President of the People's Liberation Army Logistics College [zh]
- In office 1986 – June 1989
- Preceded by: Xu Fangchun [zh]
- Succeeded by: Yang Faxun [zh]

Personal details
- Born: 30 October 1927 Chao County, Anhui, China
- Died: 25 June 2019 (aged 91) Beijing, China
- Party: Chinese Communist Party
- Alma mater: Beijing Institute of Technology Counter-Japanese Military and Political University

Military service
- Allegiance: People's Republic of China
- Branch/service: People's Liberation Army Ground Force
- Years of service: 1939–1988
- Rank: Lieutenant general

Chinese name
- Simplified Chinese: 李伦
- Traditional Chinese: 李倫

Standard Mandarin
- Hanyu Pinyin: Lǐ Lún

Li Runxiu
- Simplified Chinese: 李润修
- Traditional Chinese: 李潤修

Standard Mandarin
- Hanyu Pinyin: Lǐ Rùnxiū

= Li Lun (general) =

Chinese lieutenant general (1927–2019)

Li Lun (李伦; 30 October 1927 – 25 June 2019) was a lieutenant general of the Chinese People's Liberation Army (PLA) who served as President of the PLA Logistics Academy and deputy director of the PLA General Logistics Department. He was the son of General Li Kenong.

== Biography ==
Li Lun was born as Li Runxiu (李润修) on 30 October 1927 in Wuhu, Anhui, Republic of China. He was the youngest son of Li Kenong, a Communist Party intelligence officer and general, and his wife Zhao Ying (赵瑛).

In 1939, Li Lun enlisted in the Eighth Route Army at the age of 12 and served as a messenger. In March 1941, his parents brought him to Yan'an, the Communist headquarters during the Second Sino-Japanese War, where he studied at the Yan'an Artillery School.

During the Chinese Civil War, Li began to engage in combat and fought in many battles including the Battle of Jinan, the Huaihai Campaign and the Yangtze River Crossing Campaign.
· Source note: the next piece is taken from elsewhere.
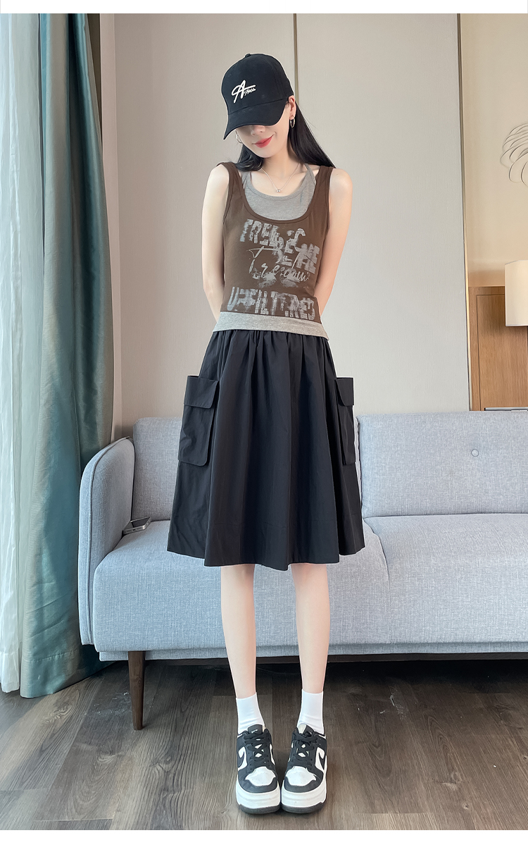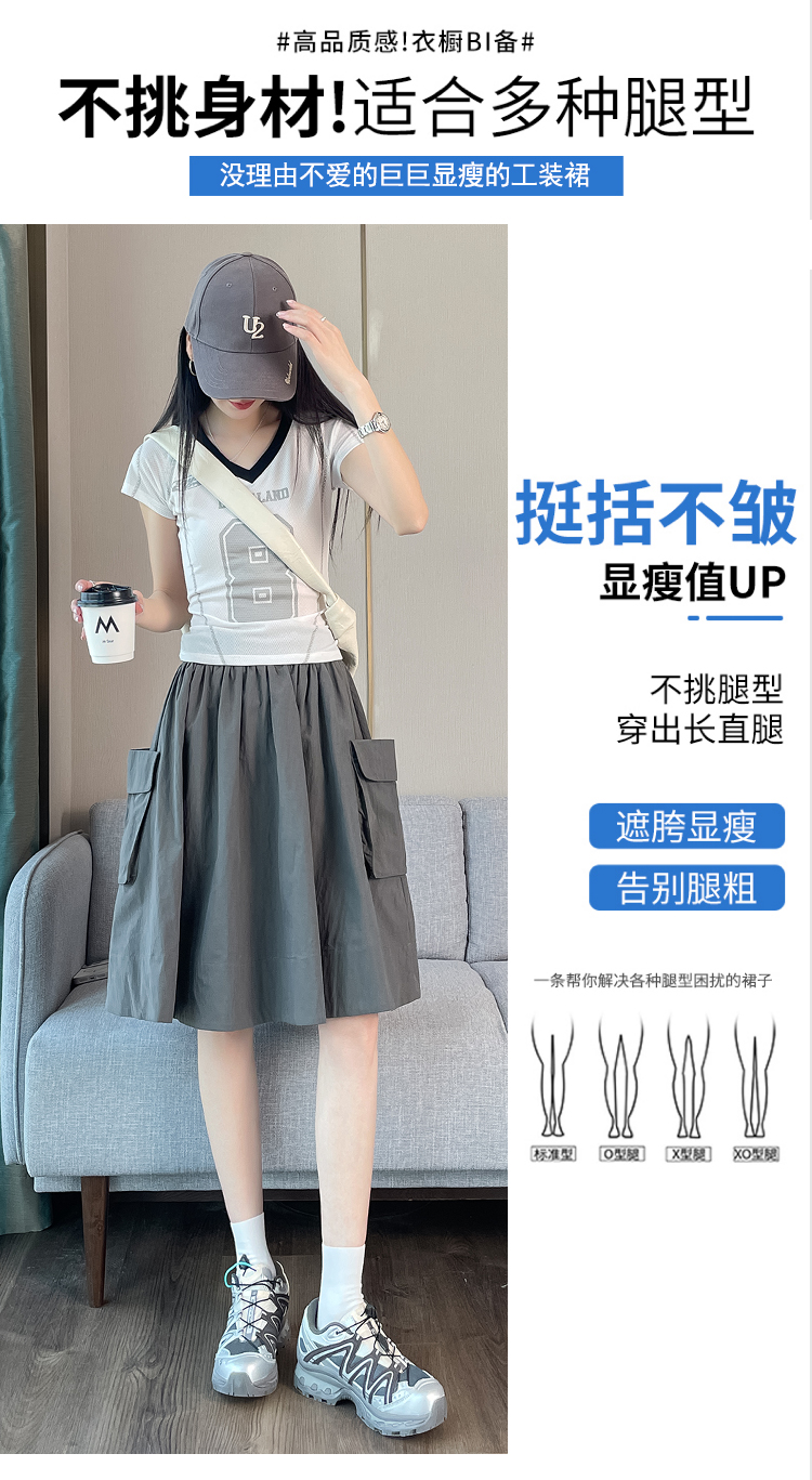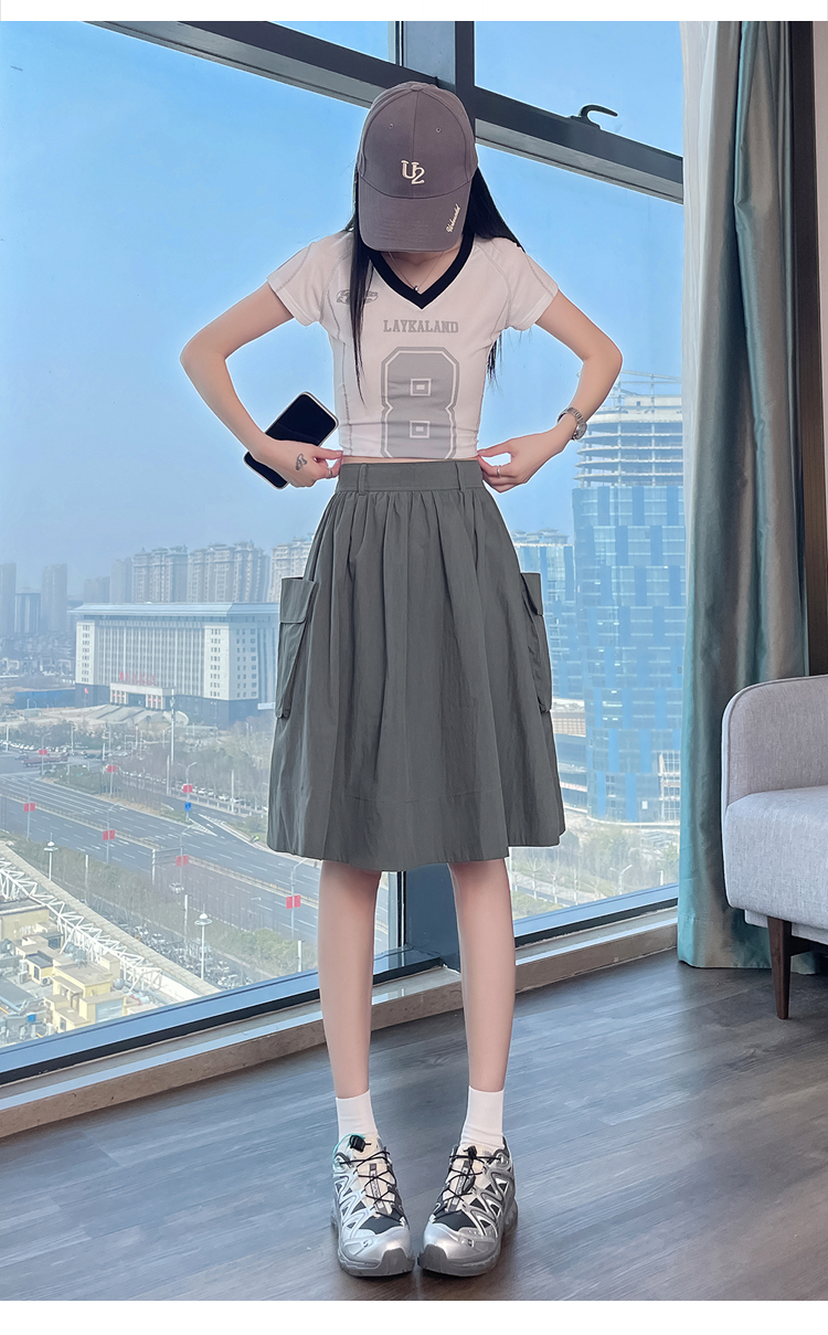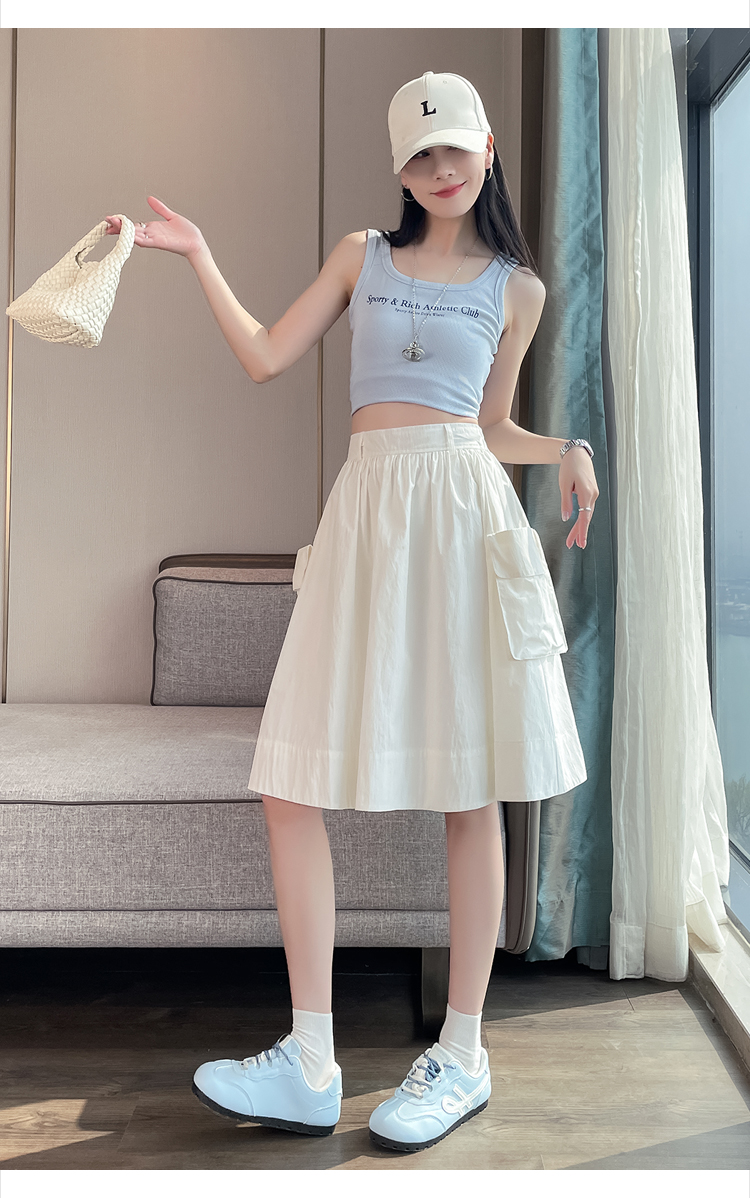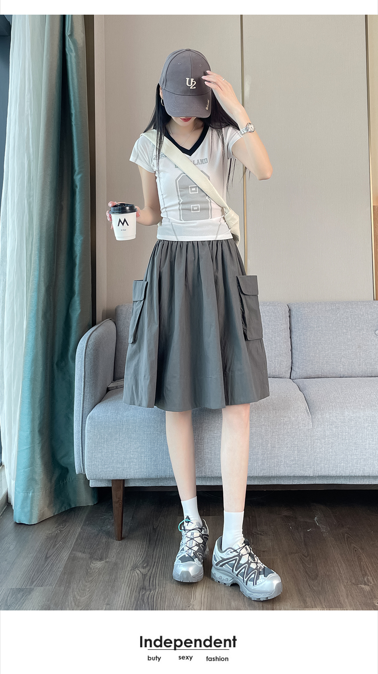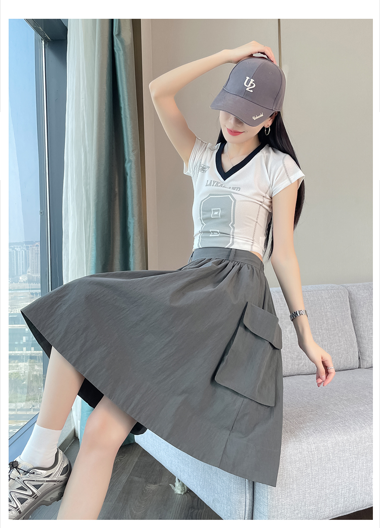 실사 한국 스타일 다용도 슬림해 보이는 케이크 드레스 표지 십자가 프릴 중간 스커트 한 마디 반신 스커트

He was promoted to Commander of the First Battalion of the Artillery Regiment of the East China Field Army. In 1949, he was awarded the First Class Merit for his performance in the Battle of the Zhoushan Archipelago.

After the founding of the People's Republic of China, Li worked in multiple positions in logistics. He was appointed President of the PLA Logistics Academy in 1986 and later promoted to deputy director of the PLA General Logistics Department. He attained the rank of lieutenant general in 1988.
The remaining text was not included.